Designed in the 1960s as a touchy-feely community built around a new University of California campus, and to this day planned to a fare-thee-well, Irvine has undergone a fascinating transformation. The explosive growth of offices and industrial parks there, combined with some white (and Asian) flight from older sections of Southern California, has resulted in a population which, if as well-schooled as the early dreamers wished, is nevertheless more interested in new carpets than in New Age.

But Garreau misses this when he touches on municipal politics in a chat with the founder of a successful start-up church in the area. The fellow, a motivational speaker by calling, oversees a tolerant religion, Garreau explains, as contrasted with "'obnoxious Christians' [who] spent the previous election trying to run homosexuals out of Irvine." But in that election, a partly secular grass-roots campaign overturned by referendum a gay-rights ordinance enacted by the left-wing majority in the city council. These same lefties had used antigrowth measures to dominate Irvine politics through much of the 1980s.

What does that outbreak of social conservatism have to do with Edge City? Symbolically a lot. The homosexual-rights ordinance was the last straw for a community whose university-tied governing elite, once so entrenched, had lost its connection to the electorate. The voters turned out to be the very kind of young careerists Garreau finds populating Edge City everywhere. Their attitudes about local politics tug them in conflicting directions, as they rue the loss of "place" (the author's metaphor is Walden Pond) that comes with each incremental stage of development but demand nearby workplaces and refuse to curtail their use of that engine of mobility, the personal automobile.

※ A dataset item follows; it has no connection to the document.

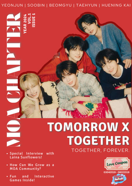 Hello, dear MOAs! 🌸We’re beyond excited to welcome you to our little corner of the universe, where all things MOA come to life. This space is dedicated to you — our wonderful, ever-supportive fandom. Here, you'll find every issue of the Fan Magazine, where we celebrate everything about TXT, from their incredible music to the passionate community we’ve built together.But that’s not all! You’ll get exclusive behind-the-scenes content, sneak peeks, and spoilers about upcoming issues. We also invite you to join us by contributing to the magazine through volunteer opportunities and leaving reviews on what you’d like to see next. Every voice matters here, and we can’t wait to have you involved in making this space even more special.Thank you for being a part of this journey with us. Together, we’ll make every chapter of Moa Chapter something unforgettable!With love,

By and large, these people have carried with them, into Edge City's fast-paced existence, the middle-class values they grew up with. A city council wrapped up in homosexual rights, homeless shelters, styrofoam bans, and mass-transit schemes was, it turned out, better suited to the university town that Irvine started out to be than the Edge City it has become. Within months of the gay-protection repeal, the council majority was voted out. Apparently, a new political era has begun in Irvine. Where was the intrepid Mr. Garreau?

Tim W. Ferguson is a Los Angeles-based member of The Wall Street Journal's editorial board.